[Start of section]
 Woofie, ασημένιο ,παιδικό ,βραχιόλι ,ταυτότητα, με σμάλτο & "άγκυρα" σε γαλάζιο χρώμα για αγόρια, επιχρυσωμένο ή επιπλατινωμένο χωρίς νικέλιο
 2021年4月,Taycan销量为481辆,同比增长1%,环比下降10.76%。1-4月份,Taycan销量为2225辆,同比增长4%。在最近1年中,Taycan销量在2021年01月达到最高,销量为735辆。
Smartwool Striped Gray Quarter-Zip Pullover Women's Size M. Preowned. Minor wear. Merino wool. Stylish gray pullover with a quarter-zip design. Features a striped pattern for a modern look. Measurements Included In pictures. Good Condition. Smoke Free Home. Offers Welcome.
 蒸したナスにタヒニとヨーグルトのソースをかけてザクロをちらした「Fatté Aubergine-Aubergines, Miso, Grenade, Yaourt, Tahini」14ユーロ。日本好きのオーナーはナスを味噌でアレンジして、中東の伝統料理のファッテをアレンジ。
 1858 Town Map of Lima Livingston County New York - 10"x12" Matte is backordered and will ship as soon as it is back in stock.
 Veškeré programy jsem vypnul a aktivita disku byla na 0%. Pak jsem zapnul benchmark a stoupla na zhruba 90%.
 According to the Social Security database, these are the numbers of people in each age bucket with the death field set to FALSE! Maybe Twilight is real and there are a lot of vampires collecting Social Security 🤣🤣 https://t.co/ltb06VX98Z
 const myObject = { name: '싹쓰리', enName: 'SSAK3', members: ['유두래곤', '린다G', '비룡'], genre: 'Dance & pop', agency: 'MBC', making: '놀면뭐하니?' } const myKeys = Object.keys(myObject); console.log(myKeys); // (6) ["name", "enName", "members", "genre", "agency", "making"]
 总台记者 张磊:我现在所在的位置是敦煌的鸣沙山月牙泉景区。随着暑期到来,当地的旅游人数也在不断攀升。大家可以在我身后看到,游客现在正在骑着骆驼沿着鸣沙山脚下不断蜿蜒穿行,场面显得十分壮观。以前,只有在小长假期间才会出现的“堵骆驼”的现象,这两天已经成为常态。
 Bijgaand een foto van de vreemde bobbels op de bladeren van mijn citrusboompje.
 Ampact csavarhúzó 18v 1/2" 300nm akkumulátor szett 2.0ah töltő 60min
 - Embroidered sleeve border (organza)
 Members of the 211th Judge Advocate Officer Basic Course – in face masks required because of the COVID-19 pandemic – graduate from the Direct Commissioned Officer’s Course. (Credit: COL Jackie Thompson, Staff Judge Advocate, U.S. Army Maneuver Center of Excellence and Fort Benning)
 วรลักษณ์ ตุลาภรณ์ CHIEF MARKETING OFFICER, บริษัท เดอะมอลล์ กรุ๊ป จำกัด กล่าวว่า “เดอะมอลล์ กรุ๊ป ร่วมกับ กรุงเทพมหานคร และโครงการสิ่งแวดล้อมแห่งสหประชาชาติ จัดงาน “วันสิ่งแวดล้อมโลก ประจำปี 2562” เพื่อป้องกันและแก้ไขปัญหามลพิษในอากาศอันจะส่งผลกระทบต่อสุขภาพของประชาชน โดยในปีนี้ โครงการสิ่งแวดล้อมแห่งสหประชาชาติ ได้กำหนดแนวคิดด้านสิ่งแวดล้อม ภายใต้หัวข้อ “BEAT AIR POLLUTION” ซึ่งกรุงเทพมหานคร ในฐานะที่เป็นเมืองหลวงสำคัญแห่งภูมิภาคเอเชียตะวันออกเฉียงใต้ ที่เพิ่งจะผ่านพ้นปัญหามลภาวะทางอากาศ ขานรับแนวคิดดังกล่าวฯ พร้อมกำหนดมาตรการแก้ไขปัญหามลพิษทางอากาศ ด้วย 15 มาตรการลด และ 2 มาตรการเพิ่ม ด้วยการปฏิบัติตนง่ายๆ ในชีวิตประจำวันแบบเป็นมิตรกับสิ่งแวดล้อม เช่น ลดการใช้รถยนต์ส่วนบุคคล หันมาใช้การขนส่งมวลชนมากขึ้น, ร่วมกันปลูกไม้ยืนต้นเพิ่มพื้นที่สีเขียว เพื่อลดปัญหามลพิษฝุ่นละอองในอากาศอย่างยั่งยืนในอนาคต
[End of section]
▶ [Work order] Retype, exactly and in full, the lines above from the one containing "1858 Town Map" through the one containing "Veškeré programy jsem".

▶ [Task answer]
 1858 Town Map of Lima Livingston County New York - 10"x12" Matte is backordered and will ship as soon as it is back in stock.
 Veškeré programy jsem vypnul a aktivita disku byla na 0%. Pak jsem zapnul benchmark a stoupla na zhruba 90%.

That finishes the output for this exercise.